Exercise description: With the pictures omitted, print exactly the lines below, from the one containing "- 这样,如果我们打包use" through the one containing "近日,走进云南普洱市景谷傣族", and nothing else.

Supplied data:
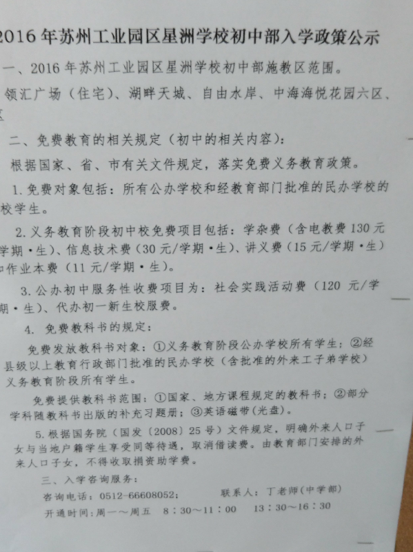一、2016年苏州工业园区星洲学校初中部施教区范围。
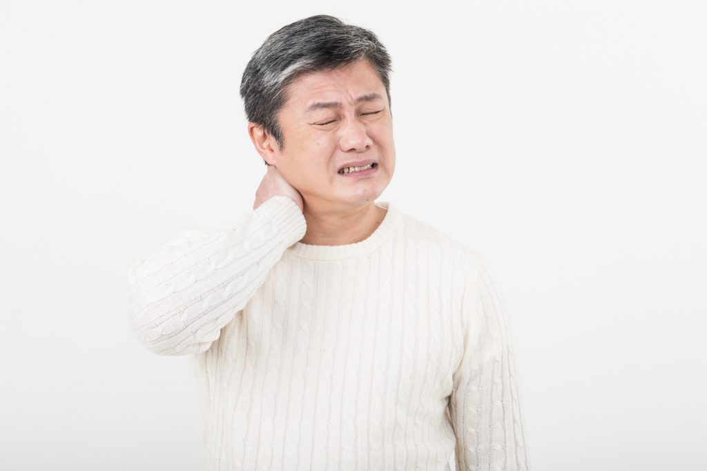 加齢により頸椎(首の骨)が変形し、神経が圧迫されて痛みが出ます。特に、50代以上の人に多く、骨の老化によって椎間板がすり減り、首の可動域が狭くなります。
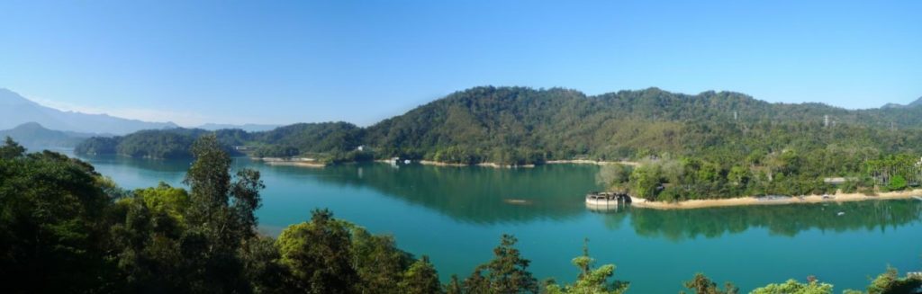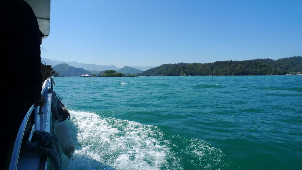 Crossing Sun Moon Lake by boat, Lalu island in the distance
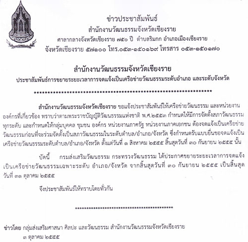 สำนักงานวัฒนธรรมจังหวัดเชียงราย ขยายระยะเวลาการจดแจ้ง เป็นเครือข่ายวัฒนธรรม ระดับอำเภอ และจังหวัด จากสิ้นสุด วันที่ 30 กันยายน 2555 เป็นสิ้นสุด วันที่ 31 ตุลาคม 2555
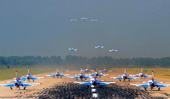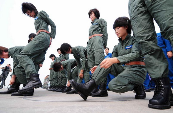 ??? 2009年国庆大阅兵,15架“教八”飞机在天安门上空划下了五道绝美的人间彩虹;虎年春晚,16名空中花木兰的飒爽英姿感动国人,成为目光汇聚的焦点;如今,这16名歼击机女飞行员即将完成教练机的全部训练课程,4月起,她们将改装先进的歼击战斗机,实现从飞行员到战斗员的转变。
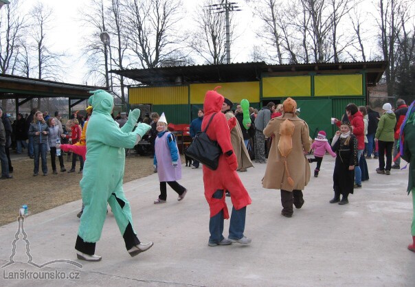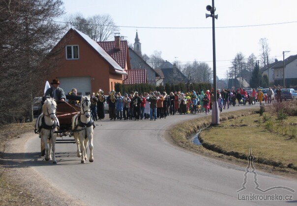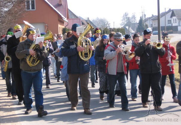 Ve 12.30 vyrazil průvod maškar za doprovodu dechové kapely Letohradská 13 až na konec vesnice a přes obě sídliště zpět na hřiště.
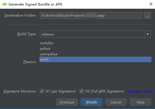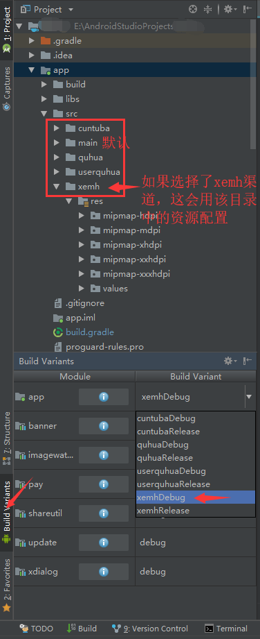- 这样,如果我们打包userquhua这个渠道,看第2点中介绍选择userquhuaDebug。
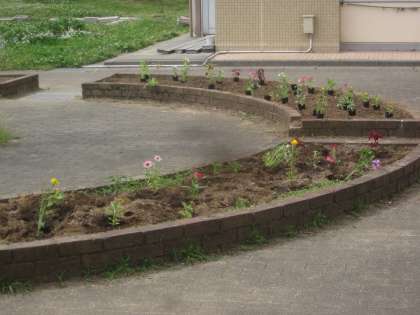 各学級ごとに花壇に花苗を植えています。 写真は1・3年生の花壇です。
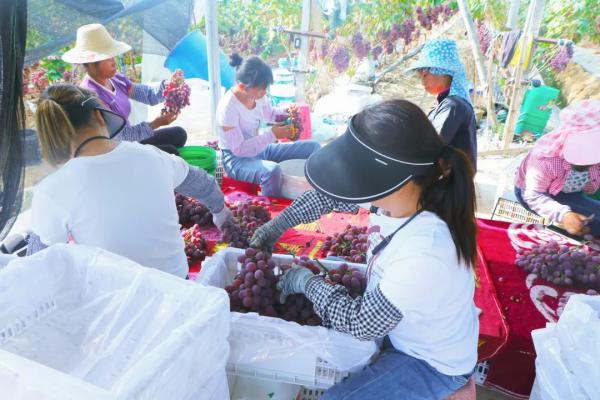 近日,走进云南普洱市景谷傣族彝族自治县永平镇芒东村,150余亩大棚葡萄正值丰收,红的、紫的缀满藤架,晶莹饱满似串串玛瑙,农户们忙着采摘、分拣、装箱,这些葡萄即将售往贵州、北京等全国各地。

---

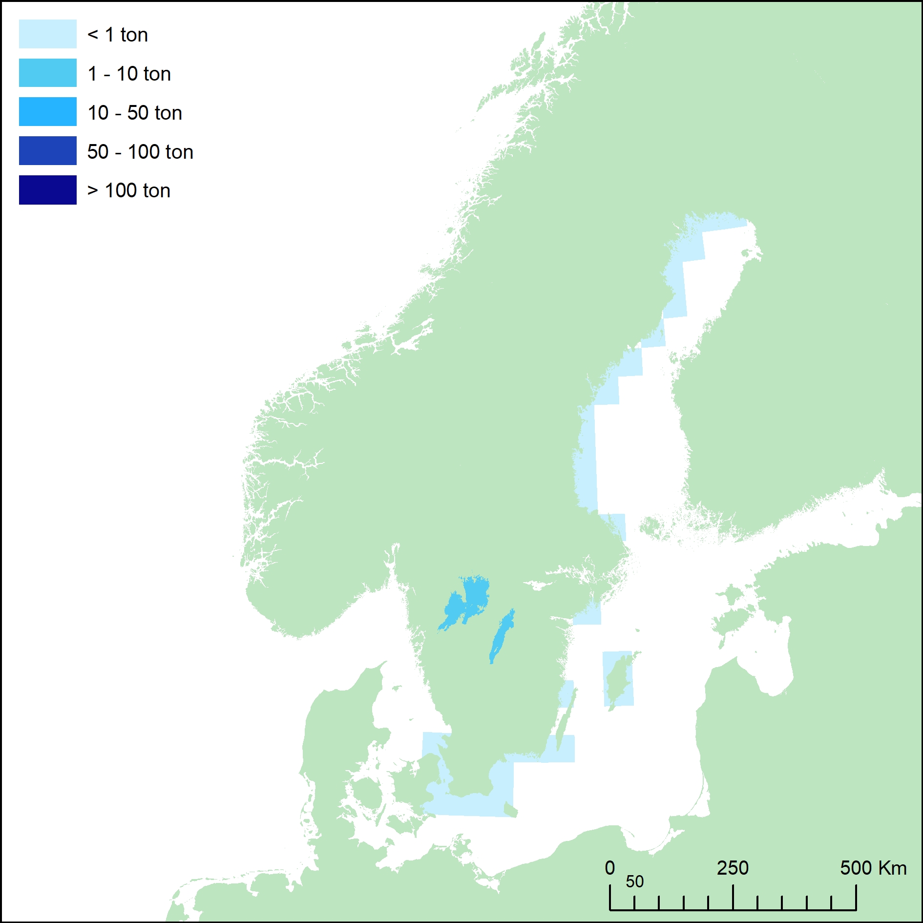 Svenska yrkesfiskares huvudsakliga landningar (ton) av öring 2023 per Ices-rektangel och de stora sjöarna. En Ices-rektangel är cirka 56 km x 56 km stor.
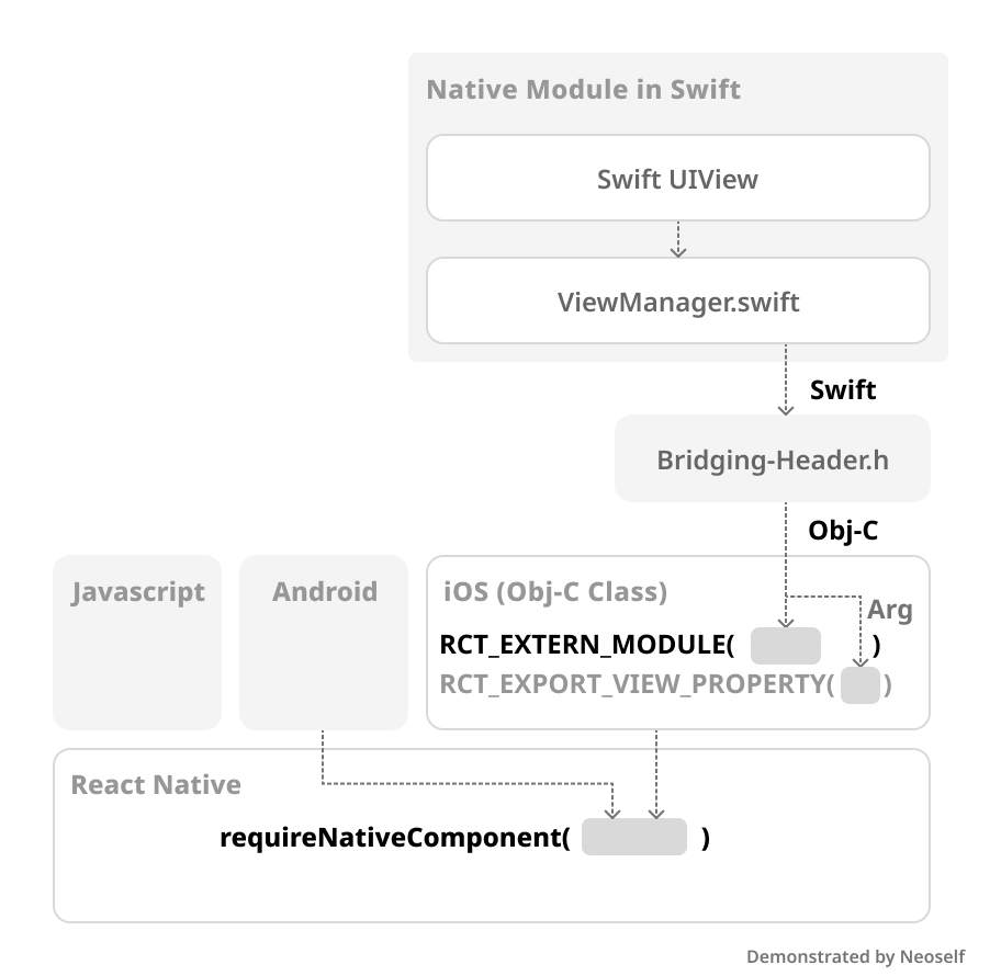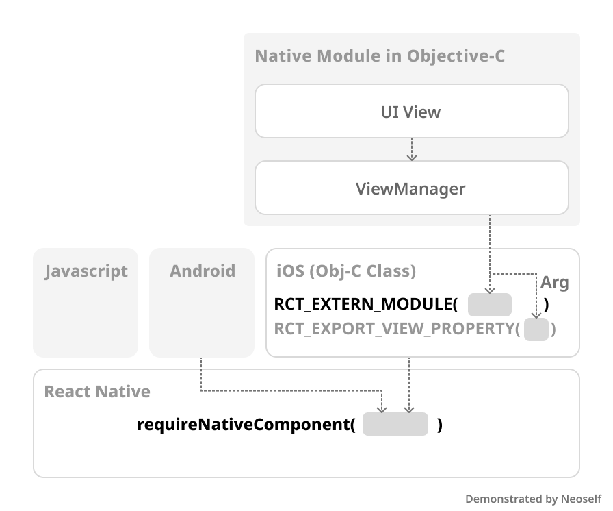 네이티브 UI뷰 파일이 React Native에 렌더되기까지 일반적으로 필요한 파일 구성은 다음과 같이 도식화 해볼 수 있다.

Expected answer:
- 这样,如果我们打包userquhua这个渠道,看第2点中介绍选择userquhuaDebug。
 各学級ごとに花壇に花苗を植えています。 写真は1・3年生の花壇です。
 近日,走进云南普洱市景谷傣族彝族自治县永平镇芒东村,150余亩大棚葡萄正值丰收,红的、紫的缀满藤架,晶莹饱满似串串玛瑙,农户们忙着采摘、分拣、装箱,这些葡萄即将售往贵州、北京等全国各地。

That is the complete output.